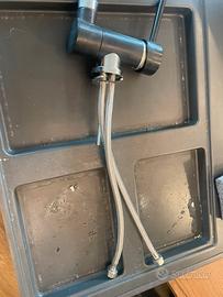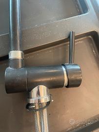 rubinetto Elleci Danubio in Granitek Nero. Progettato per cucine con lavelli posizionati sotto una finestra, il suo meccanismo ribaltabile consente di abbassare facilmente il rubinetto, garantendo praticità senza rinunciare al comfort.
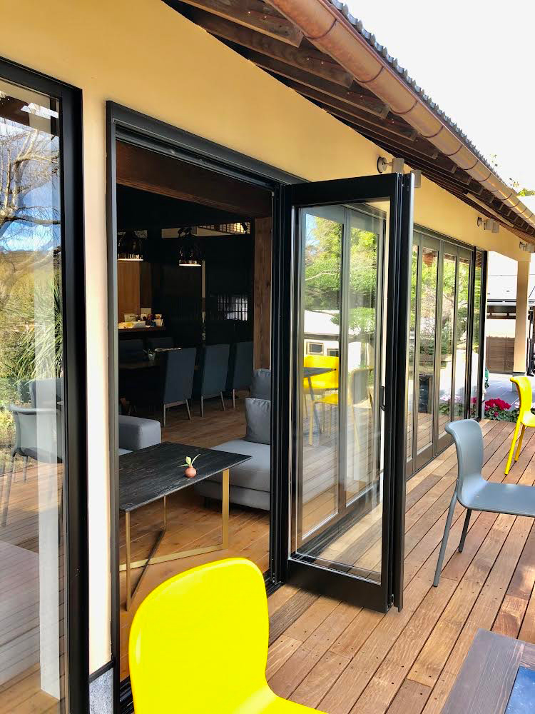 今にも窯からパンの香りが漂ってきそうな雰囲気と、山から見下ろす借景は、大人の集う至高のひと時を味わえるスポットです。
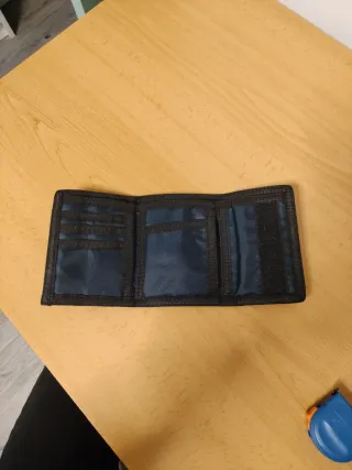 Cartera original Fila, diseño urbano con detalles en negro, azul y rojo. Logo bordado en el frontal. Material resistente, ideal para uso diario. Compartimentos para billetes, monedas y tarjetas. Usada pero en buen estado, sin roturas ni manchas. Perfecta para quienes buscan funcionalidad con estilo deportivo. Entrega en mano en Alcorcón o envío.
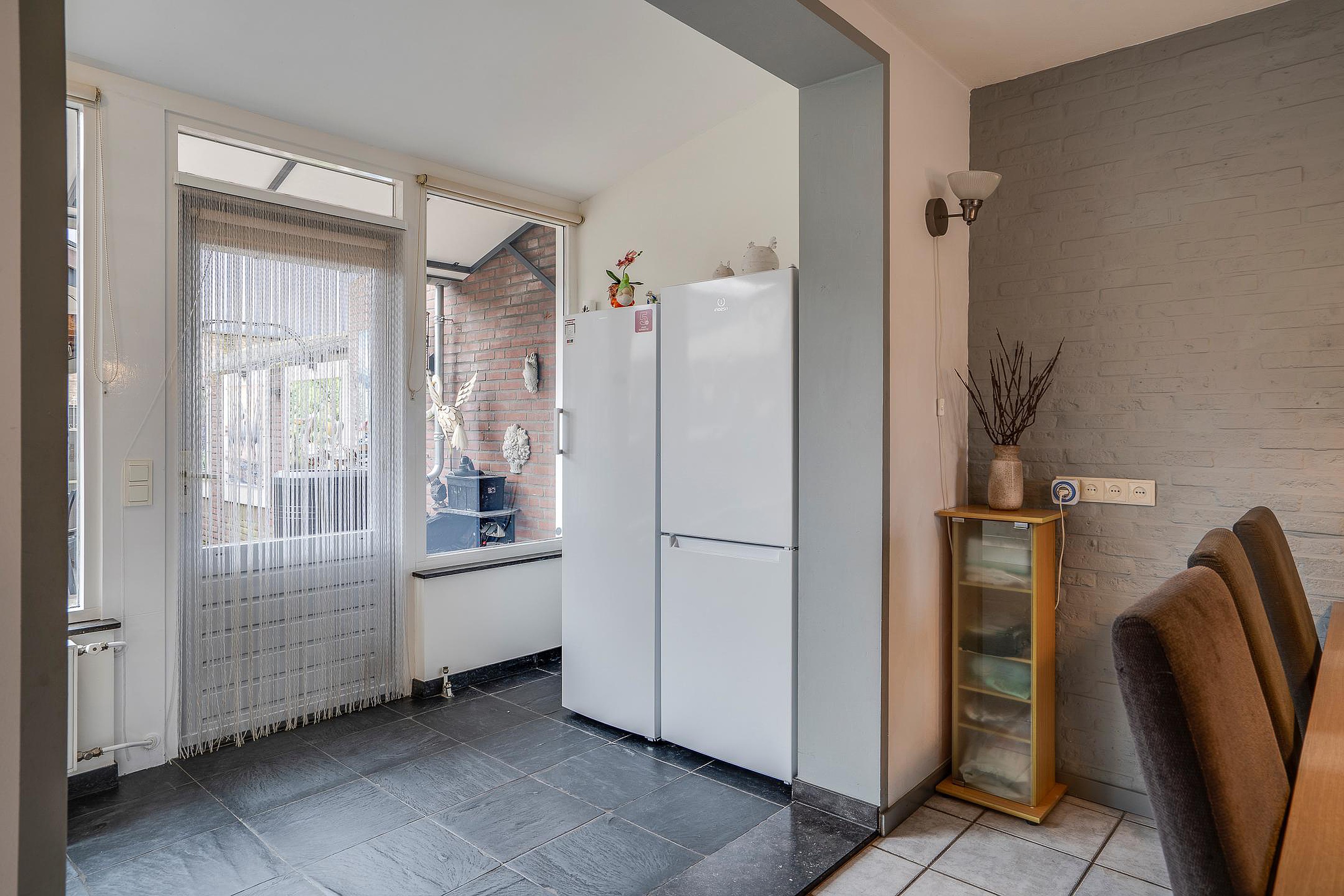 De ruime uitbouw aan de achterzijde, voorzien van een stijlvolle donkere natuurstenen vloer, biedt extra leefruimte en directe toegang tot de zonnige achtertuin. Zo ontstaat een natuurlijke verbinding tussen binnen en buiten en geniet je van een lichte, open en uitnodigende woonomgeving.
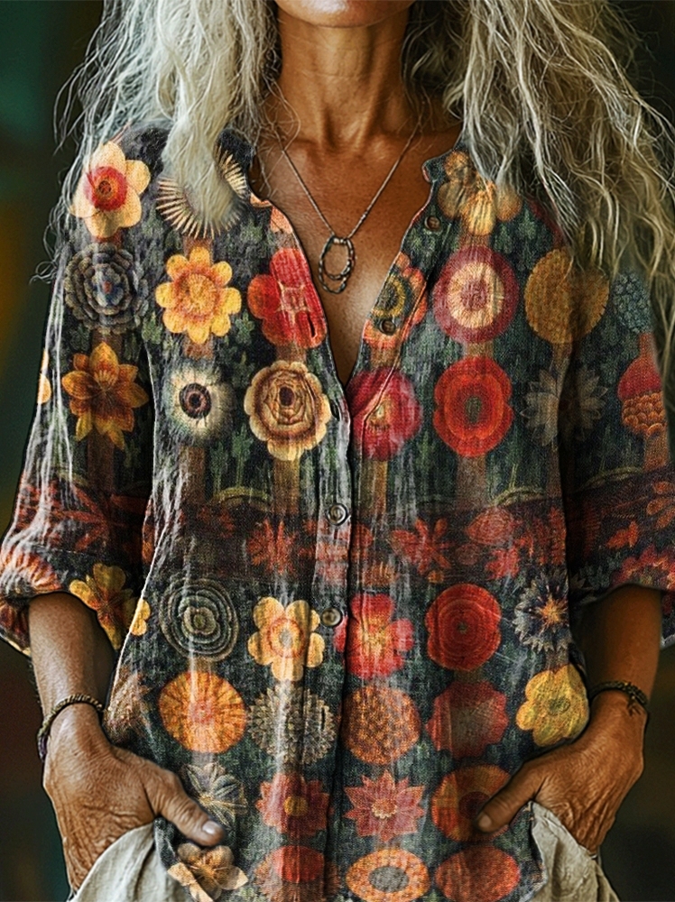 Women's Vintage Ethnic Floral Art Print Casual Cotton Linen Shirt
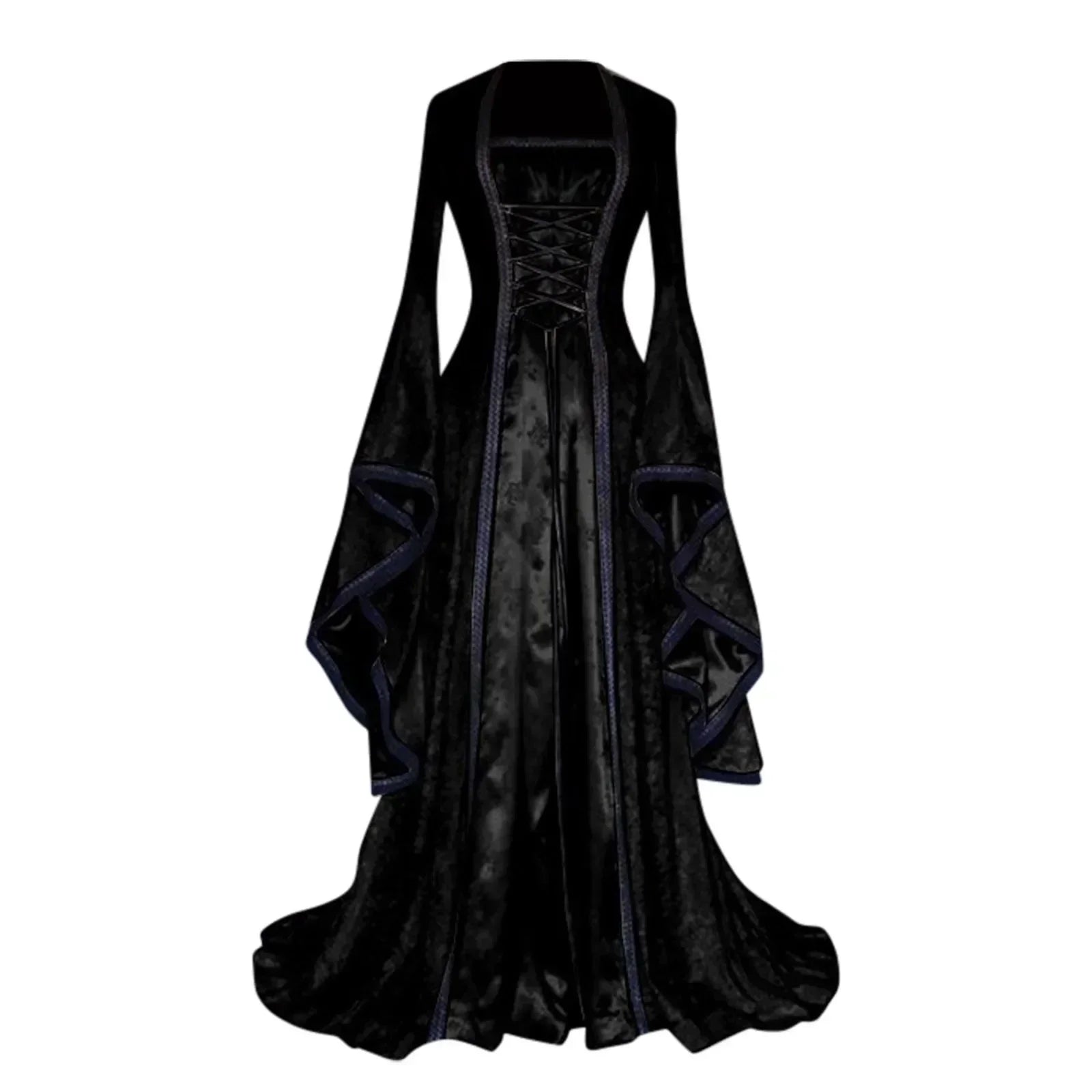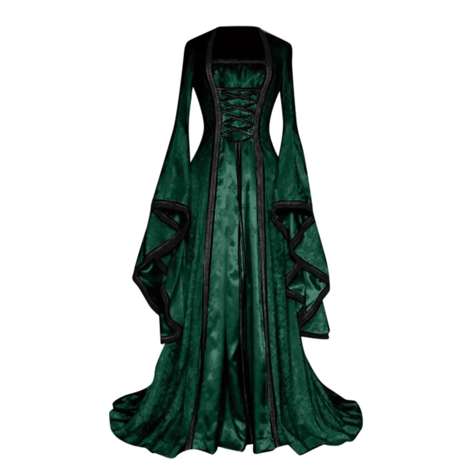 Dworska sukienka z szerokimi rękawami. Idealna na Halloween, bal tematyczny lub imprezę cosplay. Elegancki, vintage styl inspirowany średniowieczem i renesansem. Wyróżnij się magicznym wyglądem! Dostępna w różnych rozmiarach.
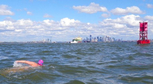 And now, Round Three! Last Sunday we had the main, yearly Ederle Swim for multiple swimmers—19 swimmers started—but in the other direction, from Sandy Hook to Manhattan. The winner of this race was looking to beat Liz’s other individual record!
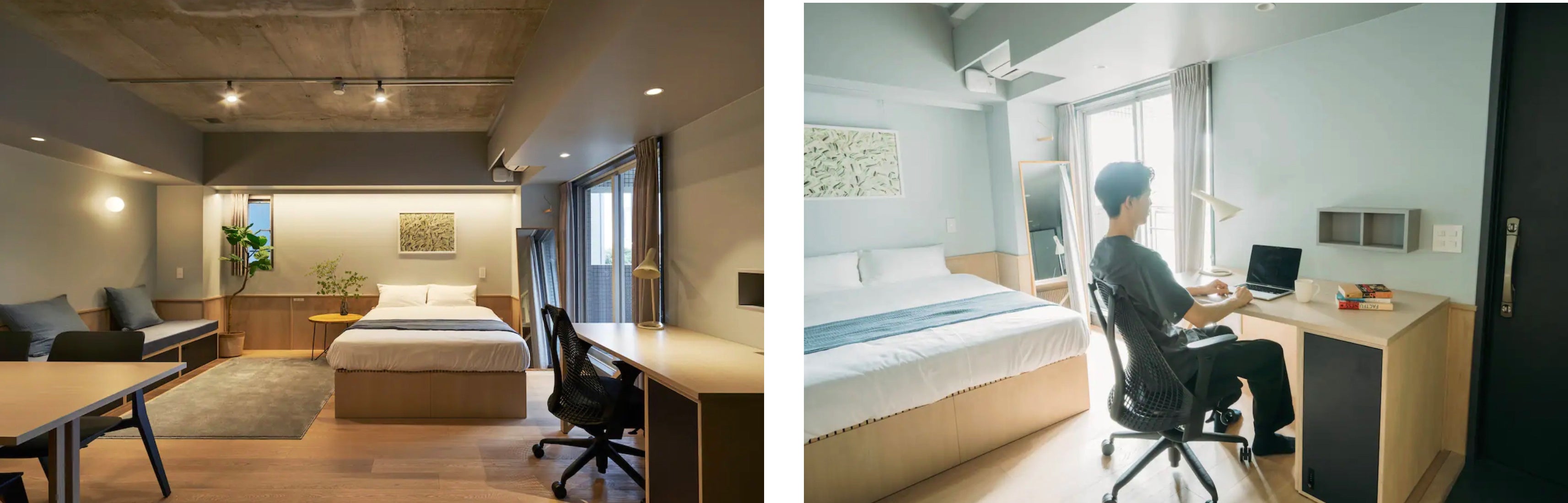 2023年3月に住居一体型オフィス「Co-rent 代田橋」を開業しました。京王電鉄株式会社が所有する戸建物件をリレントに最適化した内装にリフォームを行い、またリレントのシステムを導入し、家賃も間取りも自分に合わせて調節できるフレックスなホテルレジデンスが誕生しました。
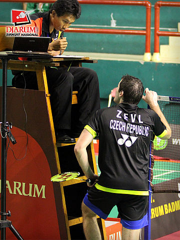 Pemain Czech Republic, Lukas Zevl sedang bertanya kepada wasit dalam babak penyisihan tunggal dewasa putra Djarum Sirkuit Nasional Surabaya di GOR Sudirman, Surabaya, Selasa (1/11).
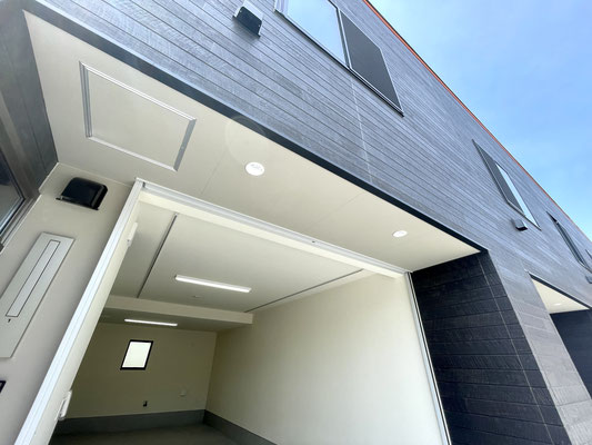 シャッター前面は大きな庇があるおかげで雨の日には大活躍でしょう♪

# What you are asked to do
Retype the line containing "Dworska sukienka z" and all lines after it to the end of the material, exactly as written, leaving out any pictures.

# Exercise answer
 Dworska sukienka z szerokimi rękawami. Idealna na Halloween, bal tematyczny lub imprezę cosplay. Elegancki, vintage styl inspirowany średniowieczem i renesansem. Wyróżnij się magicznym wyglądem! Dostępna w różnych rozmiarach.
 And now, Round Three! Last Sunday we had the main, yearly Ederle Swim for multiple swimmers—19 swimmers started—but in the other direction, from Sandy Hook to Manhattan. The winner of this race was looking to beat Liz’s other individual record!
 2023年3月に住居一体型オフィス「Co-rent 代田橋」を開業しました。京王電鉄株式会社が所有する戸建物件をリレントに最適化した内装にリフォームを行い、またリレントのシステムを導入し、家賃も間取りも自分に合わせて調節できるフレックスなホテルレジデンスが誕生しました。
 Pemain Czech Republic, Lukas Zevl sedang bertanya kepada wasit dalam babak penyisihan tunggal dewasa putra Djarum Sirkuit Nasional Surabaya di GOR Sudirman, Surabaya, Selasa (1/11).
 シャッター前面は大きな庇があるおかげで雨の日には大活躍でしょう♪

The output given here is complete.